Posted by: Rich Puchalsky | Tuesday, 20 September 2005 at 09:59 AM
I'm a bit tentative about sticking my head in here between these battling knights (Mr Acephalous wouldn't be tentative; although of course he has no head to be bitten off) ... but interesting though this discussion is, I think it's starting to repeat itself. Difficult to deny that Wolfe as a writer has flaws: I'm with Rich that there is an ineluctable aspect of Wolfe's writing that is unattractively male-adolescent. For me it's not so much the S&M gear, it's the way every one of the 'beautiful women' in Wolfe's imaginary cosmos has enormous breasts, to which attention is rather lubriciously drawn. But I'm with Jonathan that to see no further than those limitations is, kind of, to miss the point of Wolfe's writing. Dickens after all had a fetish for little-girly doll-like women; but if you allow that to get in the way of reading Dickens (which it might well) then all you're doing is missing the many other extraordinary aspects of his genius.
I was very struck by Mr Sans-tete's original point about stylistic monotony. It's not that Wolfe is a bad writer, but that he is a writer incapable of changing (or perhaps disinclined to change) his writing style. There is a flatness to reading long stretches of Wolfe; and I don't just mean late Wolfe, the Long Sun and Short Sun books where he falls lazily back on endlessly elaboration couched in the form of dialogue. The whole corpus: it's all so stylistically monologic. I can see why Mr.

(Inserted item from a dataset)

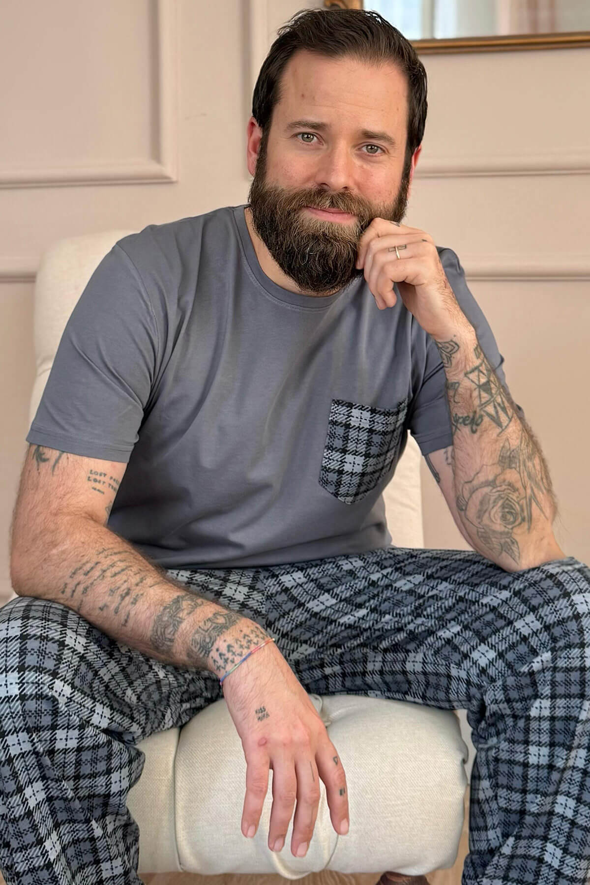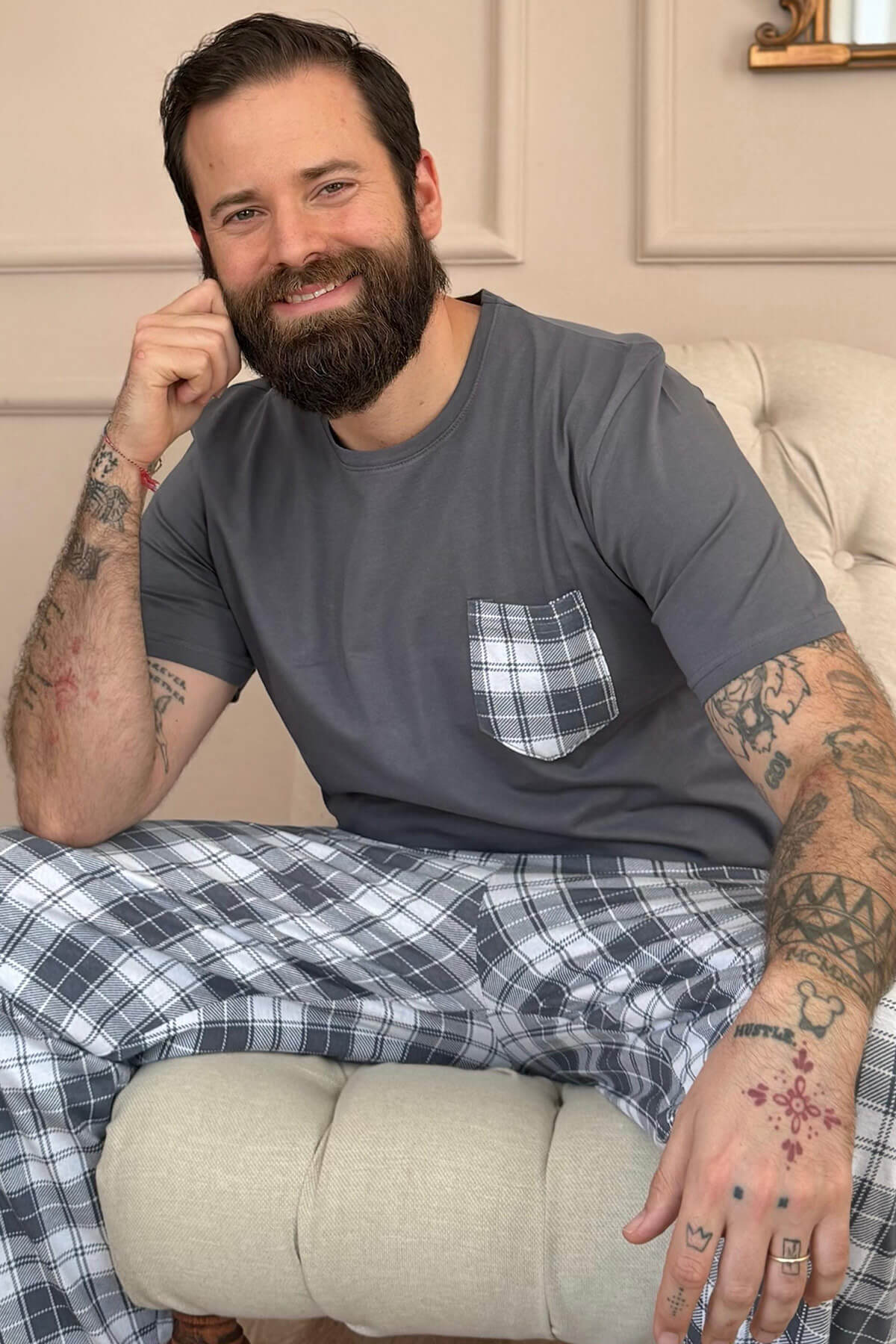 | Füme Gri Ekose Cep Detay Kısa Kollu Erkek Pijama Takımı | |

Nyet-Tete brackets Vance in with Wolfe in this respect, although I don't agree ... because Vance's style is so much cooler, so much more stylish (so much less contorted and grotesque) it doesn't grate on my sensibilities when I read him -- quite the reverse, in fact, I think it achieves a very effective tonal distanciation.
Maybe this is a point about fetishisation after all ... the problem with a sexual fetish, it seems to me, is not that there's anything inherently wrong in getting your rocks off dressing up in a blacker-than-black cloak and metal-studded codpiece (no puritans here; consenting adults can do what they like); it's that the fetish overrides the multiple possibilities of sexual connection and enjoyment, so that the individual can only get their rocks off that way. Perhaps Wolfe's style has indeed become a fetish. It works so well in book A (let's say, Fifth Head), but by book M (let along book Z) it's getting in the way of Wolfe doing anything but grinding away again at his old crotchets. You could say the same thing about, oh I don't know, late Henry James.
Posted by: Adam Roberts | Tuesday, 20 September 2005 at 10:41 AM
A correction: it was Rich, not Mr Ace Phallous, who bracketed Vance in with Wolfe. The point remains the same; I can see why he does, but I disagree.
Posted by: Adam Roberts | Tuesday, 20 September 2005 at 10:46 AM
Interesting ideas, Adam. I think that I did make a comparison to Dickens earlier on.
I don't question that evaluative judgements are in the end personal, and that someone else might find that Wolfe's strengths so far outweigh his defects that, for them, he is one of the best SF/fantasy writers. I do object to the attempt to sweep Wolfe's defects under the rug by classing consideration of them as being insufficiently appreciative of someone who "everyone says" is a great writer. The proper response if you want to make it, as with Dickens, is "Flat characters? So what?", not "Flat characters? How dare you."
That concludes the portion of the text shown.